May 2, 2018 - 08:33
There are inherent connections between disease and disability. These connections lead many individuals to associate a lack of health with disability due to the nature of certain diseases to produce disability. However, most people in the disability community do not want to be considered ill and most people who suffer from chronic diseases do not want to be considered disabled (“Disability: Health, Well-Being, and Personal Relationships”). In considering issues of disability in relation to medicine, it is important to understand the ways in which society defines disability in the context of health.
When deciding to utilize CRISPR or another reproductive technology to eliminate disability, individuals are faced with a decision that is influenced by their understanding of disability.
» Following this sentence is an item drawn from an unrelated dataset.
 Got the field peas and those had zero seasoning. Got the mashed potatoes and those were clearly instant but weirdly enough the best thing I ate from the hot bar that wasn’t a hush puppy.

When consenting individuals with intellectual disabilities, healthcare professionals often make assumptions about this population that reduce patient autonomy. Likewise, when making decisions regarding physician-assisted suicide, people may feel pressured to end their life if they feel that disability creates a life not worth living. As issues concerning disability become more common as medical technology continues to advance, we need to address the ways in which our understanding of disability influences our medical decision-making.
Disability and Informed Consent
In the context of disability, issues with the societal and medical definition of health often come into question in cases of informed consent of individuals with intellectual disabilities. In medicine, medical professionals require permission in order to perform a procedure or treatment. However, in some situations, an individual may be unable to or deemed unable to make decisions regarding their care. In these situations, medical professionals and the disability community often disagree on the process that should be involved in healthcare decision-making. Though issues regarding the consent of intellectually disabled and the consent of healthy individuals to eliminate disability through medicine may seem like polar opposites, they both converge on the idea of what type of boundaries need to be instituted in regards to an individual’s choice of care.
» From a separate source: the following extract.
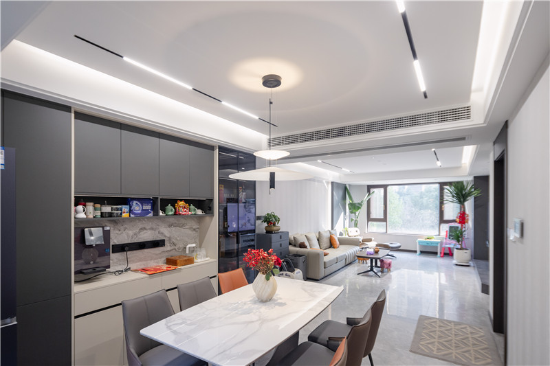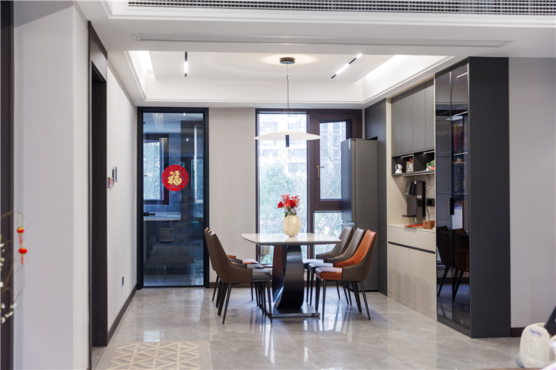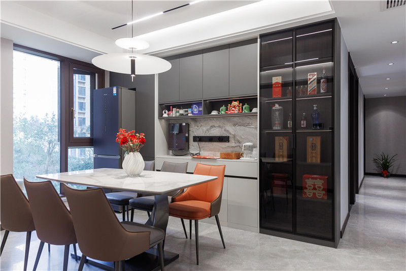 一側(cè)冰箱嵌入立柜中,視覺上協(xié)調(diào);一側(cè)設置窄邊黑框灰玻裝飾柜嵌入燈帶,是家里的風景線;餐邊柜上下柜呼應、中部加入大理石紋背板,整體與餐桌椅配套。

Law declares that every adult is deemed capable of giving consent to medical treatment (Keywood and Flynn). However, any adult that is unable to understand the information about the treatment in question or unable to understand the impact of the treatment they are receiving may be deemed unfit to make decisions regarding their healthcare (Keywood and Flynn). Healthcare related decisions regarding these individuals are then referred to relatives and paid caregivers (Keywood and Flynn).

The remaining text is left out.